Quanto inquina il rientro in atmosfera dei satelliti?
Una prima risposta arriva dal monitoraggio in aereo del rientro atmosferico di Salsa, uno dei quattro satelliti della costellazione Cluster di Esa.
Alcuni satelliti in orbita, quando non sono più operativi vengono fatti rientrare in atmosfera facendoli bruciare e disintegrare. Un processo distruttivo poco studiato e in grado di produrre sostanze inquinanti per l’atmosfera.
Per capire meglio tale impatto, è stato monitorato il rientro atmosferico di Salsa, uno dei quattro satelliti della costellazione Cluster di Esa, rientrato l’8 settembre 2024.

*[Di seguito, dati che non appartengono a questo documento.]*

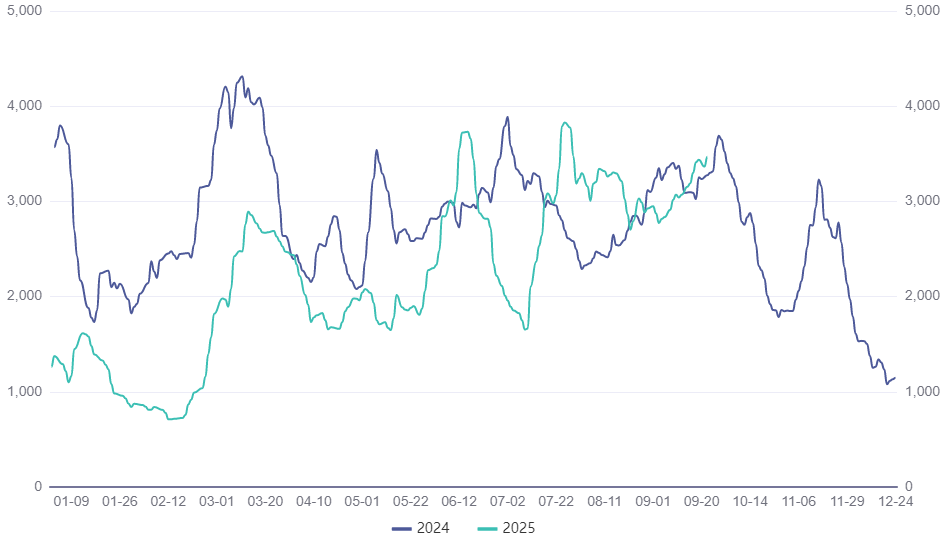 2025年09月23日,波罗的海好望角型运费指数(Baltic Exchange Capesize Index)收于3469点(图3),全年最小值711点,最大值3829点,中位数2220点,平均值2244.14点。相比2024年波罗的海好望角型运费指数中位数2726点(下降18.56%),平均值2724.18点(下降17.62%);相比近5年(2020-2024年)波罗的海好望角型运费指数中位数2212.50点(上升0.34%),平均值2425.22点(下降7.47%)。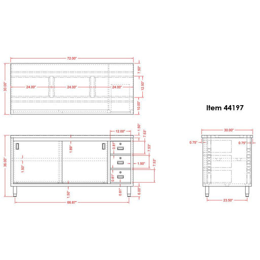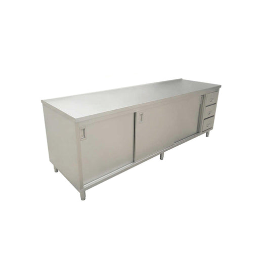 30" x 72" worktable Constructed of 430 stainless steel Enclosed cabinets, drawers and sliding doors Durable and extremely clean Certified for com...

A bordo di un aereo dotato di 26 telecamere, un team di scienziati ha monitorato il rientro in diverse lunghezze d'onda della luce, scoprendo che l’inquinamento prodotto dall’incenerimento del satellite si è rivelato più debole di quanto atteso.
La disintegrazione del satellite Salsa è avvenuta in meno di 50 secondi sopra l'Oceano Pacifico. Dopo la prima rottura a circa 80 km di quota, il team ha monitorato il processo di frammentazione del satellite per circa 25 secondi, perdendo le sue tracce a circa 40 km di quota.
Grazie ai filtri di diversi colori delle telecamere, il team ha rilevato durante la combustione il rilascio di litio, potassio e alluminio, non riuscendo tuttavia a svelare quanto di questi composti chimici sia rimasto in atmosfera o sia caduto sulla Terra sotto forma di minuscole goccioline.
Secondo i ricercatori, i serbatoi in titanio per il carburante del satellite, dal peso di 550 chilogrammi, potrebbero essere sopravvissuti al rientro, cadendo così nell'Oceano Pacifico.
I risultati della ricerca sono stati presentati all'inizio di aprile in occasione della Conferenza europea sui detriti spaziali tenutasi a Bonn, in Germania.